Evolutionary and population dynamics of host–parasitoid interactions
Population Ecology, 1999
to their hosts for all aspects of their development and survival. Parasitoids account for almost a fifth of all Metazoa known and exhibit a complex and wide variety of physiologies, behaviors, and life strategies. This variation in parasitoid life history characteristics can occur at the individual level, the population scale, and the regional level, and analyzing the expression of this genetic variation on which selection acts is grist to the mill for life history evolution (Roff 1992). Not only do parasitoids provide model organisms for understanding the life history evolution and population dynamics of predator-prey interactions (Hassell 1978; Godfray 1994; Quicke 1997), but also these organisms are of considerable economic importance in the control of pest populations (Waage and Greathead 1986; Gauld and Bolton 1988). In this article we explore the population and evolutionary dynamics of host-parasitoid interactions. We begin by examining the constraints on genetic covariance and tradeoffs in parasitoid wasps.

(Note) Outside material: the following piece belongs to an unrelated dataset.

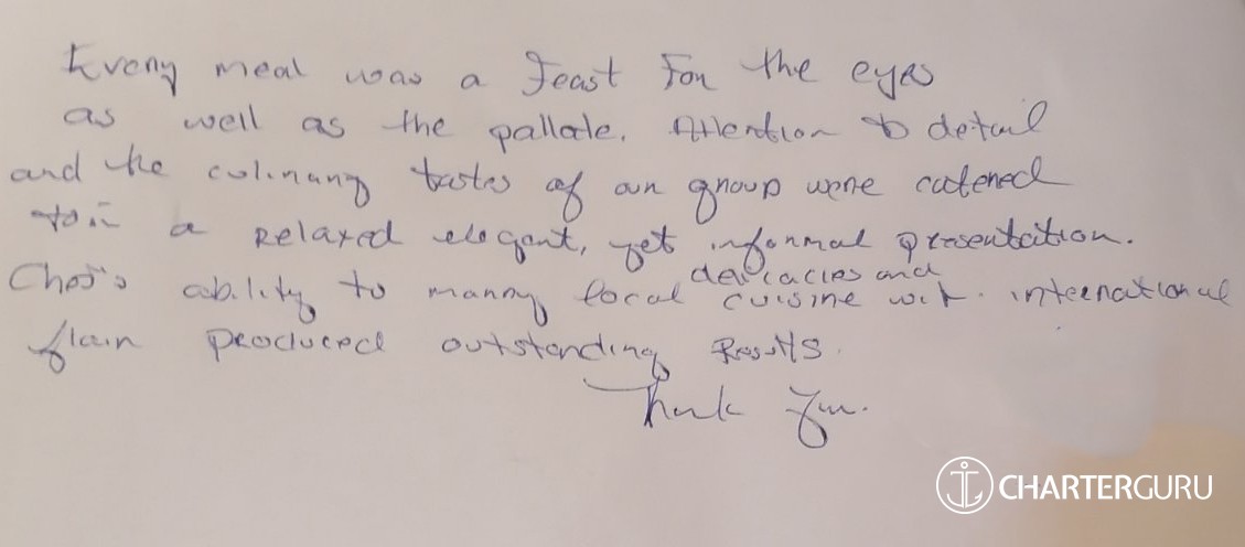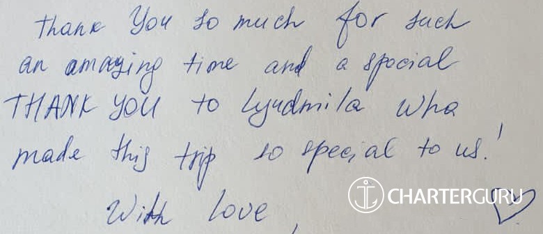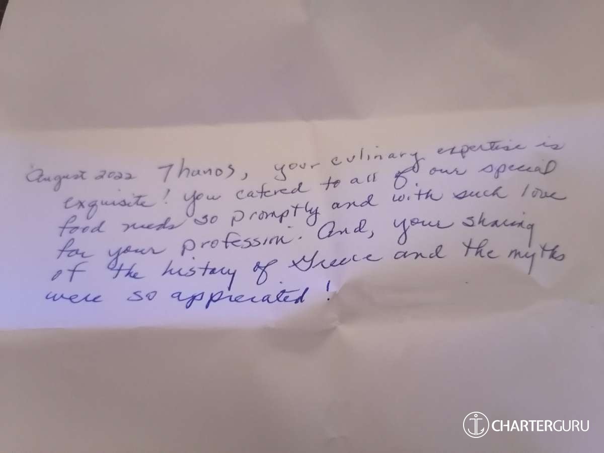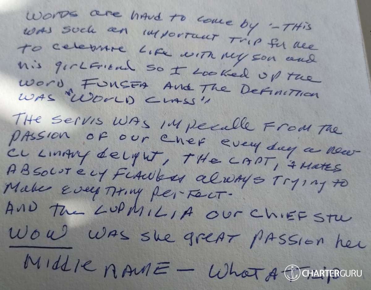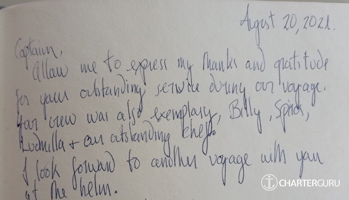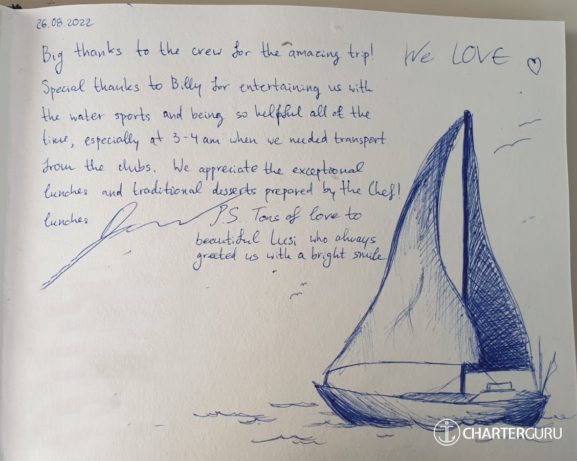 We wanted to extend our heartfelt. Thanks for an absolutely incredible experience sailing through the islands. From start to finish, everything was wonderful. The food, the swimming sports, and the islands were amazing - and, most of all, the amazing crew who made it all so enjoyable.

We then provide an overview of some previous theoretical and empirical studies before introducing a general host-parasitoid model and demonstrating how evolution can alter the dynamics of host-parasitoid interactions. We then consider a simple evolutionary interaction between hosts and parasitoids, examining the conditions for the evolution of parasitoid virulence. In the final section we comment on directions for future work. Trade-offs and genetic covariance At the level of the individual wasp, many phenotypic traits are highly variable. For example, egg size, shape, and number in many parasitoids such as the Ichneumonidae or Chalcidae are highly variable (Iwata 1958, 1962, 1966). How these morphological and reproductive strategies of wasps (how many eggs to lay and what sex ratio to produce) impinge on life history strategies have been the focus of much research (Charnov et al.